De súbito me passou um pensamento indagativo: e que culpa teria Deus na educação daquela pobre criança? Por um triz não fiz a minha pergunta àquela mãe e claro, uma enorme confusão ali estaria armada...
"Solta ela!"- ordenou ao provável avô, solta da mão dela, deixe-a andar sozinha!"
"Ela disse para você soltar a menina, pelo amor de Deus, solta a mão dela! repetiu a senhora já nitidamente bem nervosa.
Então, dali partiram os quatro juntos, silenciosamente, numa aparência de total e feliz normalidade: o senhor a manobrar a cadeira de rodas, a mãe a carregar junto a si um pacote enorme, que excedia em muito a sua altura, embrulhado com logotipo duma conhecida loja de brinquedos infantis e a garotinha a anunciar aos quatro ventos do que se tratava o pacotão "quero carregar meu presente, quero carregar meu presente..."

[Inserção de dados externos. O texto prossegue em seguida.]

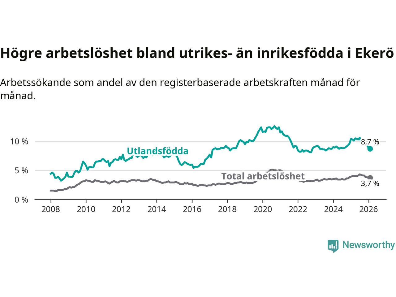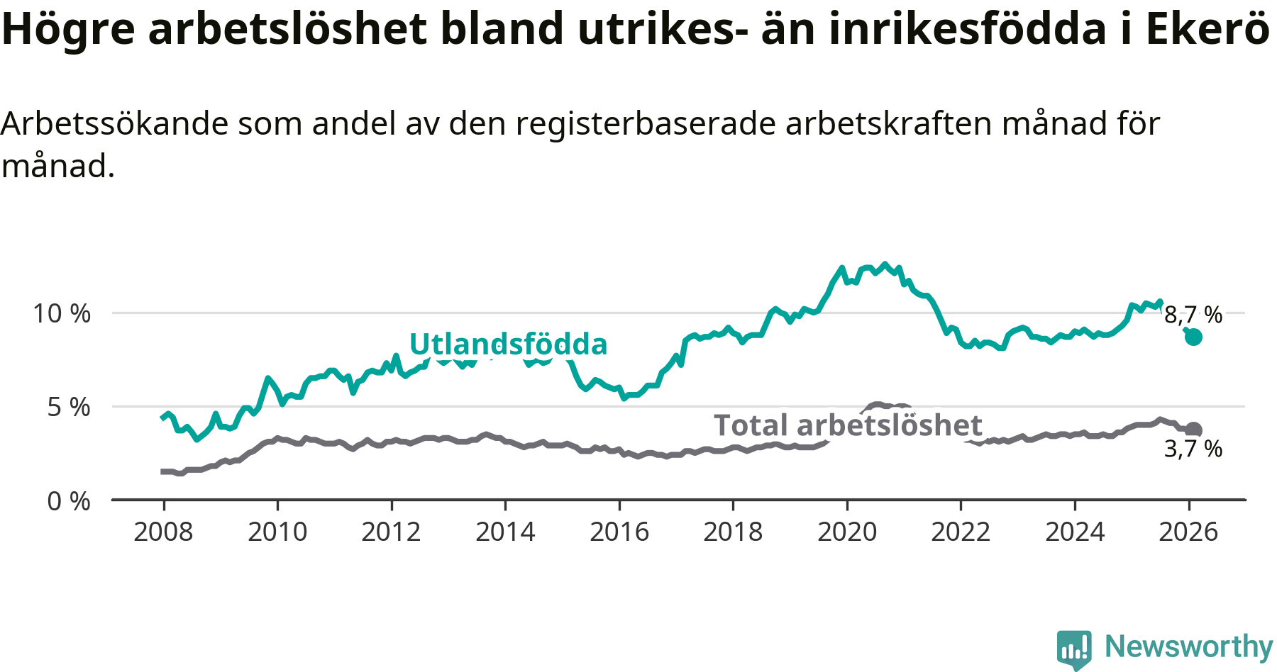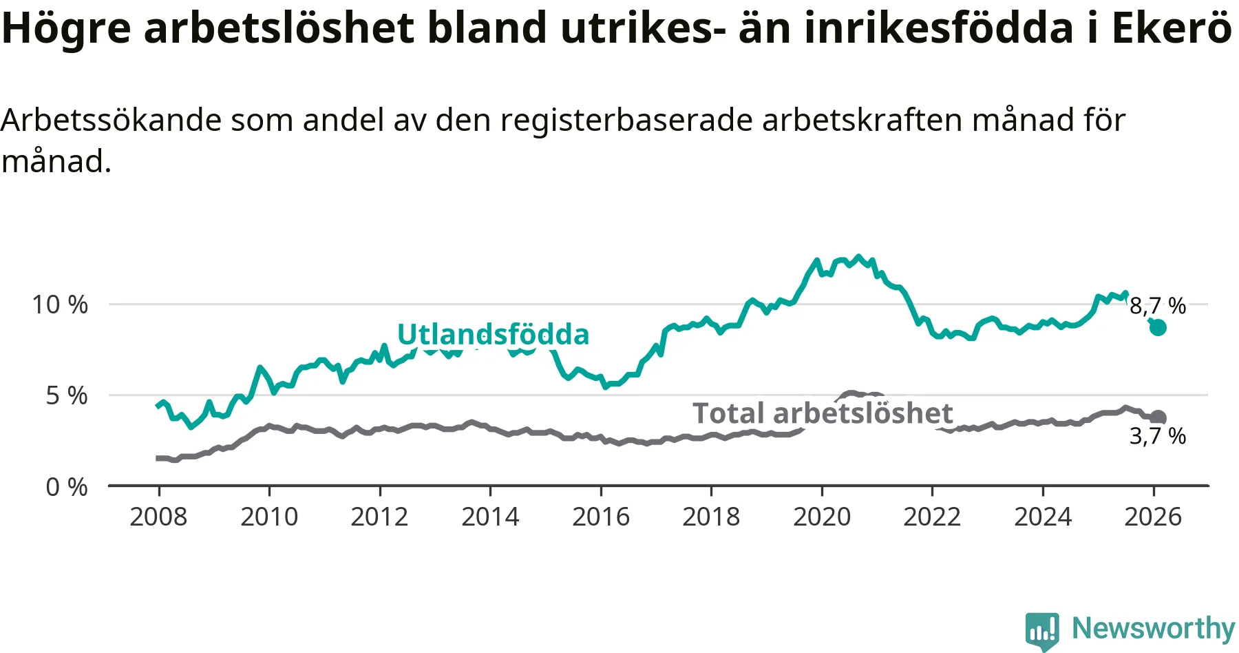 | Bland utlandsfödda | 8,7 % | −1,6 % ▼ | 12,2 % | −1,0 % ▼ | 14,3 % | −1,4 % ▼ |
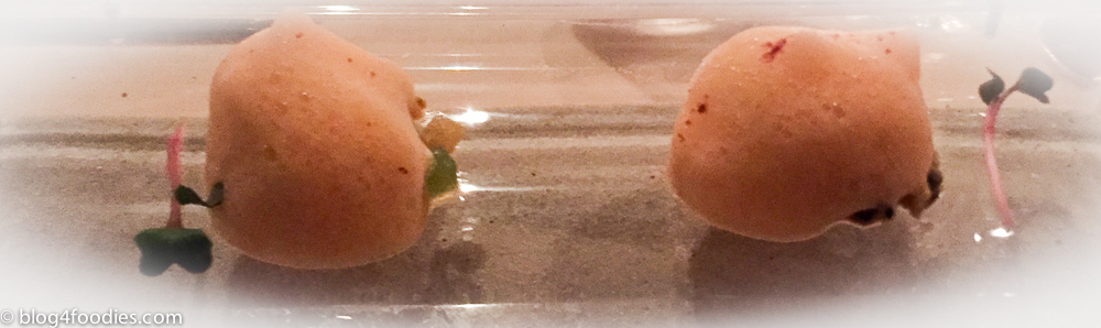 At the start of the dinner we were offered butter, some excellent olive oil from Lazio and bread of four different kinds (we liked the butter-bread the best). But foremost we were offered to select salt from a wide variety of places, for instance from Peru, Iran, Hawaii, Norway and Australia (I do not remember all salts), and this was very interesting to sample.
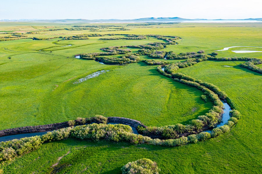 This aerial photo taken on June 12, 2023 shows the scenery of a grassland in Xilingol League of north China's Inner Mongolia Autonomous Region. (Xinhua/Peng Yuan)
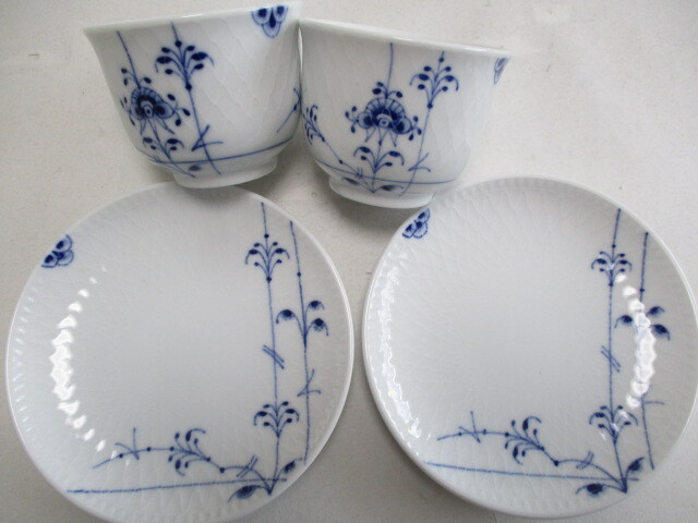 ロイヤルコペンハーゲン ブルーパルメッテ ペア ジャパニーズカップ プレート/ 湯呑 カップ 小皿

Saí dali meio angustiada, com a seguinte dedução:
Pelas gerações dos tempos,nossas crônicas de vida, aos poucos, podem se tornar tão complexa e cronicamente doentias que já nos é impossível nos enxergar nelas, a fim de transmutar seus tristes enredos para futuros e milagrosos recomeços.
Porque o tempo nunca espera, tampouco perdoa...ninguém.